Hi, thanks for all your help. I broke down and recompiled/reinstalled the amanda client and that seems to have cleared up the problem, amcheck no longer reports any errors. I'll find out if the backups run tonight. Thanks Again! -Josh
backup errors...
Hi there. I'm having a problem getting Amanda to backup one of our servers. When running amcheck I get the following error: ERROR: nushtel: [access as operator not allowed from operator@backupservername] I found the faq-o-matic entry for this issue and checked all of my settings against the advice found there.

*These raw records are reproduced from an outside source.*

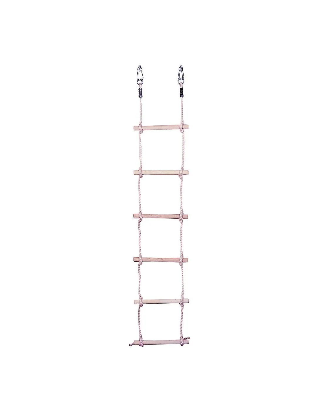 Personnalisez votre portique grâce à cet agrès échelle à cordes 6 échelons. D’une hauteur (longueur) de 250 cm, les enfants pourront se dépenser en montant et descendant les différents échelons. Conçue en bois et en corde, cette échelle est très solide.
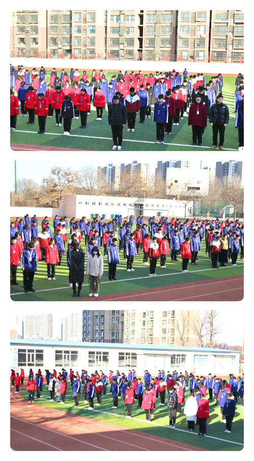 师生向在南京大屠杀中遇难的同胞默哀。回顾这一段历史,是为了表达对和平的向往,希望同学们勿忘历史,珍爱和平,努力成长为以德为先、能力为重、全面发展的社会主义合格建设者和可靠接班人。
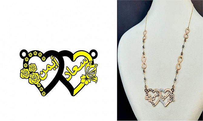 سأخطط لك أي اسم تريد تنفيذه على قطعة ذهب أو اكسسوارات
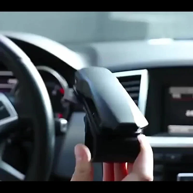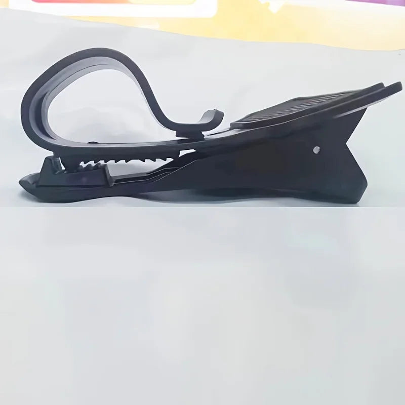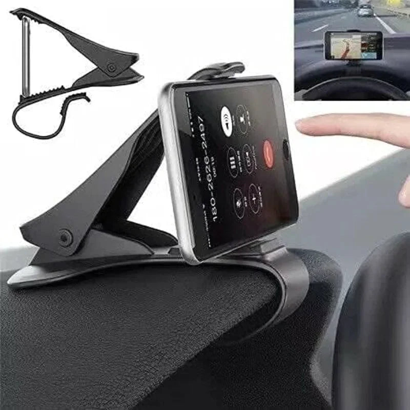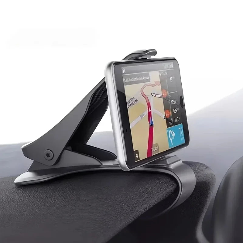 The phone clamp holds the smartphone right above the dashboard and won’t obscure the road view for safe driving.
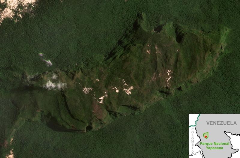 Venezuela'nın Amazon Ormanları kıyısındaki 1345 metre rakımlı düz tepeli dağı Cerro Yapacana'nın her tarafının, koruma bölgesinde olmasına ve yerli halk tarafından kutsal kabul edilmesine rağmen, kaçak altın madenciliği yapan gruplarca oyulduğu belgelendi.
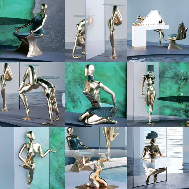 Коллекция фигур состоит из 9-ти предметов мебели, каждый из которых передаёт состояние и чувственное настроение, присущее настоящей и счастливой женщине. Позы, изгибы наполняют окружающее пространство успокаивающей или, наоборот, побуждающей энергией. Утончённость и грация, красота и откровение, эстетика и искусство навсегда поселятся в сердцах обладателей. Сложность исполнения каждой скульптуры, высокий процент ручного труда превращают мебель в уникальный арт-образец!
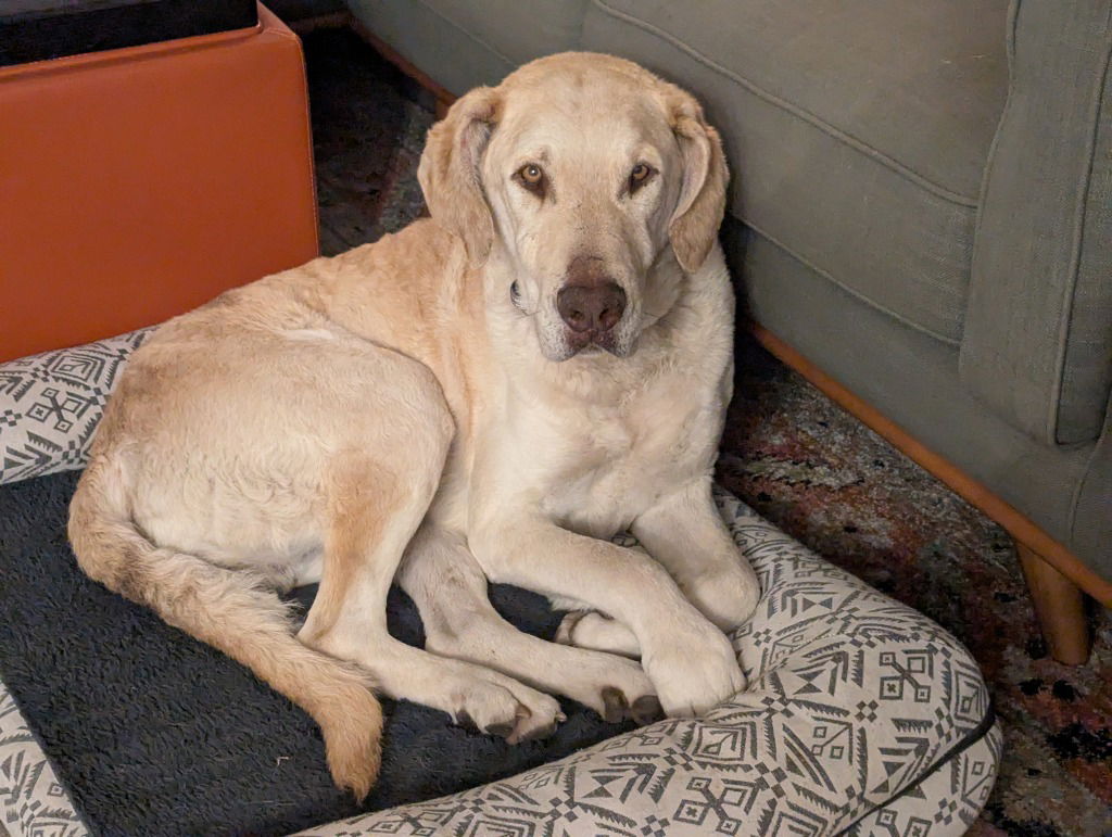 Meet Goose An 8-year-old, 70-pound Retriever/Poodle mix with a heart as soft as his curls and the sweetest, most sincere personality you could hope for.Goose is a gentle, easy-going soul who has settled beautifully into home life. He’s house-trained, crate-trained, and walks wonderfully on a loose leash. Big sounds can make him a little jumpy, but he stays polite and calm—even when he’s unsure.This sweet boy’s favorite thing in the world is a good head scratch. He’ll rest his big head on your lap, stare up at you with his warm topaz eyes, and let you know just how much he loves you. When he’s not soaking up affection, Goose enjoys sunbathing, snuggling a soft toy, or simply lounging nearby.Goose has medium energy and low exercise needs—just a short daily walk and a few minutes of fetch keep him perfectly content. He’s quiet, respectful, and would do well in a house or an apartment (a yard is a bonus but not required). He’s good with other dogs and would enjoy having a calm companion, though he’s also perfectly happy being your one and only. He’s great with kids 5 and up due to his size and enthusiastic paw-giving.This lovable, slightly derpy guy has long legs, a sweet disposition, and a deeply affectionate nature that makes him truly special. After recovering from a past lung infection, he’s doing wonderfully—just an occasional light cough that continues to improve.If you’re looking for a gentle, devoted companion who is happiest with a comfy bed, some sunshine, and plenty of head scratches, Goose might just be the perfect match. Dogs are not placed on a first-come, first-serve basis. We strive to find the perfect home for each animal. Applications may take up to 48 hours to process. All CAWS animals are fixed, microchipped, and vaccinated. His adoption fee is $200. If you are interested in adopting a CAWS pet, please fill out an online application at http://caws.org/adoption-application If you are interested in adopting a CAWS pet, please fill out an online application at https://caws.org/adoption-application
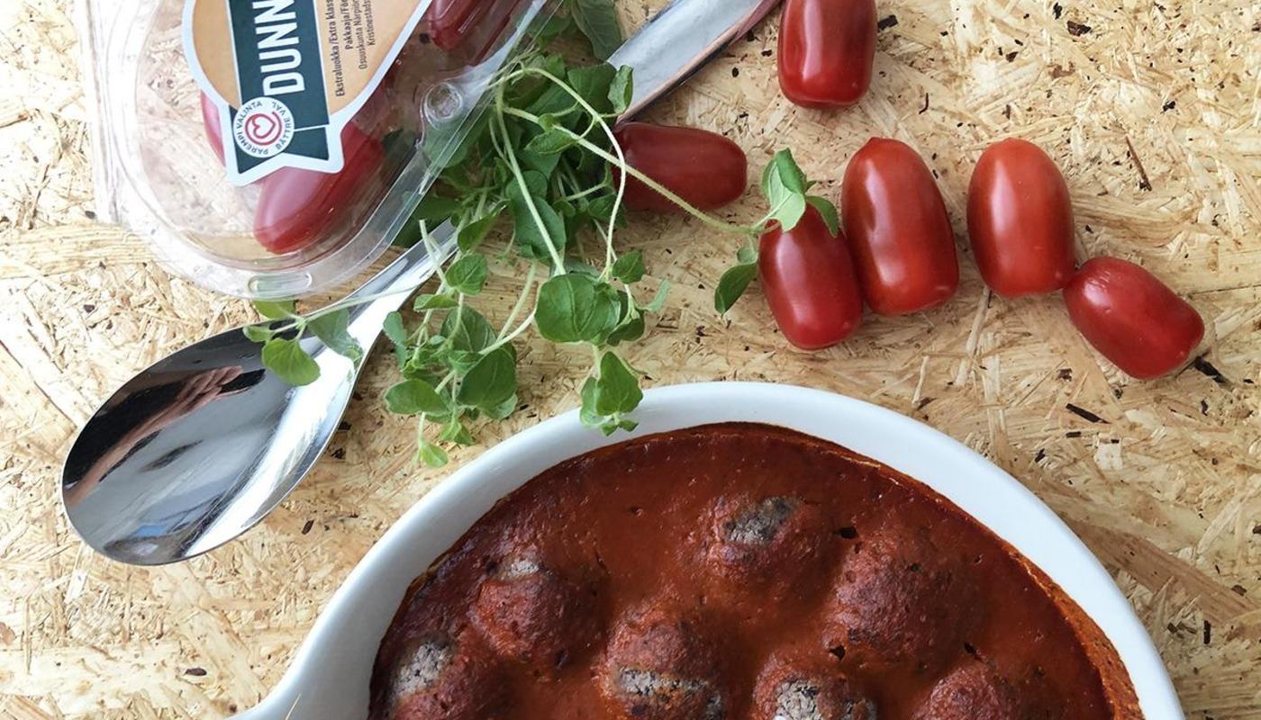 Kryddig tomatsås + svartbönsbullar + Dunne tomater = Smakupplevelse!
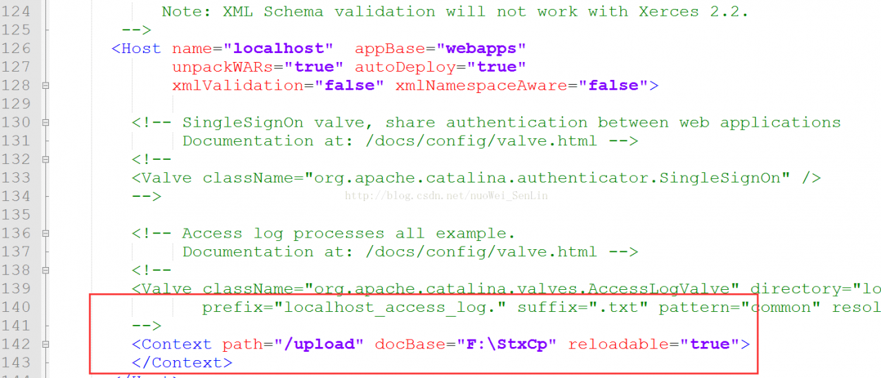 <Context path="/upload" docBase="F:\picturedir\" reloadable="true"></Context>
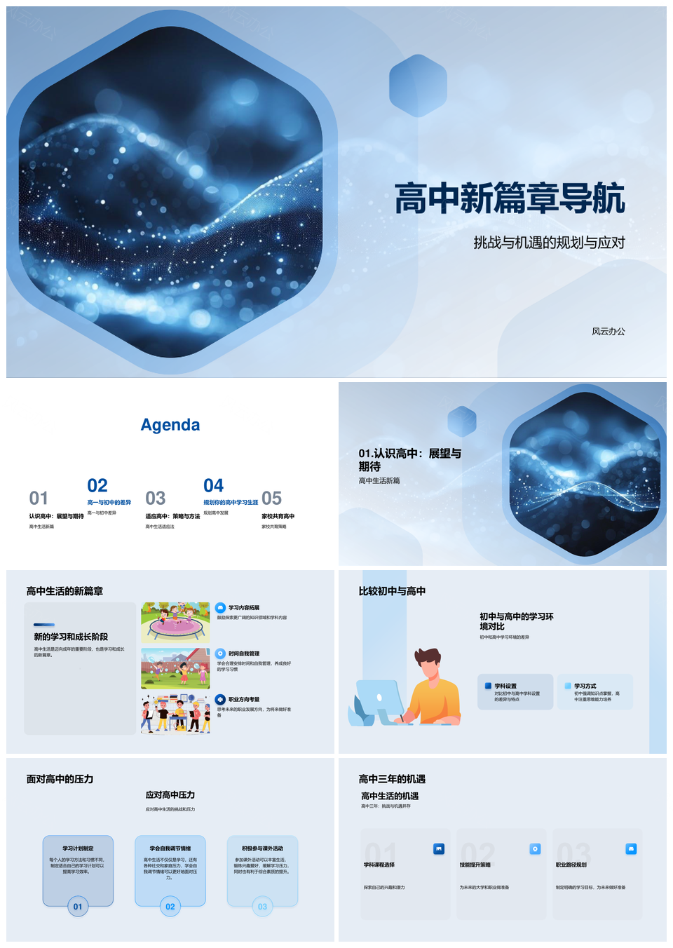 风云办公提供的2025高中新生活学习负担变化导航PPT模板,下载格式为pptx,一共28页,作品中文字及图均可以修改和编辑,图片更改请在作品中右键图片并更换,文字修改请直接点击文字进行修改。

The .amandahosts file is in operator's home directory, has the correct permissions and appears to be in the correct format (it is in fact a copy of a .amandahosts file from another server being backed up by the same backupserver on our network) Looking at /tmp/amanda/amandad.debug on the server I'm trying to backup I see somethings that concern me, namely: the BUILT_MACH line lists the wrong hostname, when I build amanda this server was named new-server.ourdomain.com but now that the box has gone into production it's name has changed to the name of the machine it has replaced. The other bit that bugs me is that it lists the DEFAULT_SERVER and DEFAULT_TAPE_SERVER as itself, using the old hostname. it does seem to pass the self-checks though: Amanda 2.4 REQ HANDLE 002-385A0508 SEQ 1000143707 SECURITY USER operator SERVICE selfcheck OPTIONS ; DUMP wd0g 0 OPTIONS |;bsd-auth;index; DUMP wd0h 0 OPTIONS |;bsd-auth;index; DUMP wd0a 0 OPTIONS |;bsd-auth;index; Oh yes, the backup server is a redhat box, and the machine I'm backing up is running BSDi 4.2 Any clues of what I can do about this? Thanks Josh
Re: backup errors...
Looking at /tmp/amanda/amandad.debug on the server I'm trying to backup I see somethings that concern me, namely: the BUILT_MACH line lists the wrong hostname ... That's just documentation about where Amanda was built. It's not used for anything. ... The other bit that bugs me is that it lists the DEFAULT_SERVER and DEFAULT_TAPE_SERVER as itself, using the old hostname. Those values are only used by amrecover in case you don't set them with the command line switches. it does seem to pass the self-checks though: Amanda 2.4 REQ HANDLE 002-385A0508 SEQ 1000143707 SECURITY USER operator SERVICE selfcheck OPTIONS ; DUMP wd0g 0 OPTIONS |;bsd-auth;index; DUMP wd0h 0 OPTIONS |;bsd-auth;index; DUMP wd0a 0 OPTIONS |;bsd-auth;index; That's just the incoming packet. It doesn't say anything about whether the checks worked or not. And if you're getting this: ERROR: nushtel: [access as operator not allowed from operator@backupservername] then selfcheck is not even being run by amandad. What else is in /tmp/amanda/amandad*debug? What version of Amanda are you using? Newer versions will tell you about (e.g.) permissions problems and the like. What's in ~operator/.amandahosts? It should be: backupservername operator and the names should be **exactly** as the error message reports them (i.e. if it gives a fully qualified name, the file should have a fully qualified name). Josh John R. Jackson, Technical Software Specialist, [EMAIL PROTECTED]
Re: backup errors...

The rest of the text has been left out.